Important: Modules that do not appear as keys in this dictionary have been analyzed as unsafe for Lazy Imports.

LOAD_IMPORTS_EAGERLY

A set of modules where all imports within the module must be loaded eagerly. Lazy Imports is essentially temporarily disabled for these modules. Note the distinction: other modules can still lazily import a module in the LOAD_IMPORTS_EAGERLY set, but when that module does load, its own import statements must execute immediately rather than being deferred.

This set is only used for specific corner cases:

• Custom finalizers (__del__) — unpredictable execution timing means imports must be available at finalization.
• exec() calls — dynamic code execution negates static analysis guarantees.
• sys.modules access — reading or writing sys.modules could depend on prior imports having already executed.
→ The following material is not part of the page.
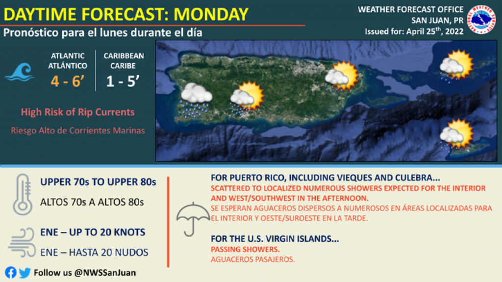 Temperaturas máximas deberán fluctuar desde los altos 80s a través de áreas bajas, especialmente a lo largo de la costa sur y en los bajos 70s a través de áreas altas. Vientos del este a noreste prevalecerá, aumentando hasta los 15 mph con ráfagas más fuertes y variaciones de la brisa marina durante el día.

For more details, see docs/load_imports_eagerly.md.

Using the Output

As a standalone linter

Lifeguard can be used as a standalone linter to identify which specific lines in your codebase are incompatible with Lazy Imports. Run the analyzer with --verbose-output to get a human-readable report showing per-module errors with line numbers (see Running Lifeguard). This lets you treat Lifeguard like a linter: run it in CI or locally, review the flagged lines, and fix them. In this manner, Lifeguard is used as a guide to safely enable Lazy Imports.
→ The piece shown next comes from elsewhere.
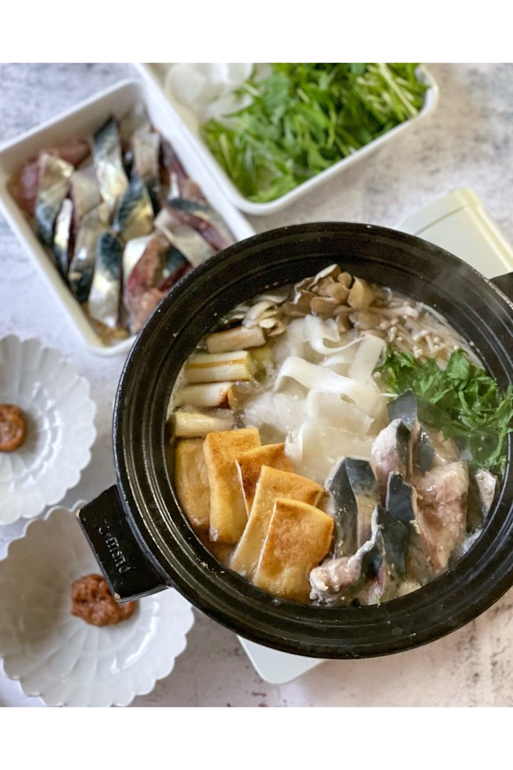 焼いたねぎと油揚げがスープにうま味とコクをもたらし、鍋のおいしさをぐっと底上げしてくれる。オリジナルの味噌だれにスープを溶かせば、思わず飲み干したくなるほどのおいしさに。さばや大根、きのこなど、そろえやすい材料でさっと作れるので、ぜひ一度お試しあれ。

To drive a lazy import loader

The JSON output is designed to drive a lazy import loader’s filter function. In Python 3.15, importlib.util.lazy_import accepts a filter callback that controls which imports are deferred and which are loaded eagerly. Lifeguard’s output provides the data needed to build this filter — using LAZY_ELIGIBLE to identify safe modules and their constraints, and LOAD_IMPORTS_EAGERLY to identify modules that need all imports resolved upfront.
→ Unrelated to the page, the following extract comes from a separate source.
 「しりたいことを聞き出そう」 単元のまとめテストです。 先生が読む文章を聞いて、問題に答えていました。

We plan to provide tooling for easy ingestion of Lifeguard’s output ahead of the Python 3.15 release. This is a work in progress.

Implementation

Lifeguard is implemented in Rust. We leverage ruff for AST traversal and re-use several crates from pyrefly. We also extend .pyi stub files to annotate known side effects in third-party libraries — for example, marking that a particular module-level function call in a dependency has observable behavior. These stubs are stored in the resources/ folder. See resources/stubs/stubs.md for details on how effect annotations work alongside standard type stubs.

License

By contributing to Lifeguard, you agree that your contributions will be licensed under the LICENSE file in the root directory of this source tree.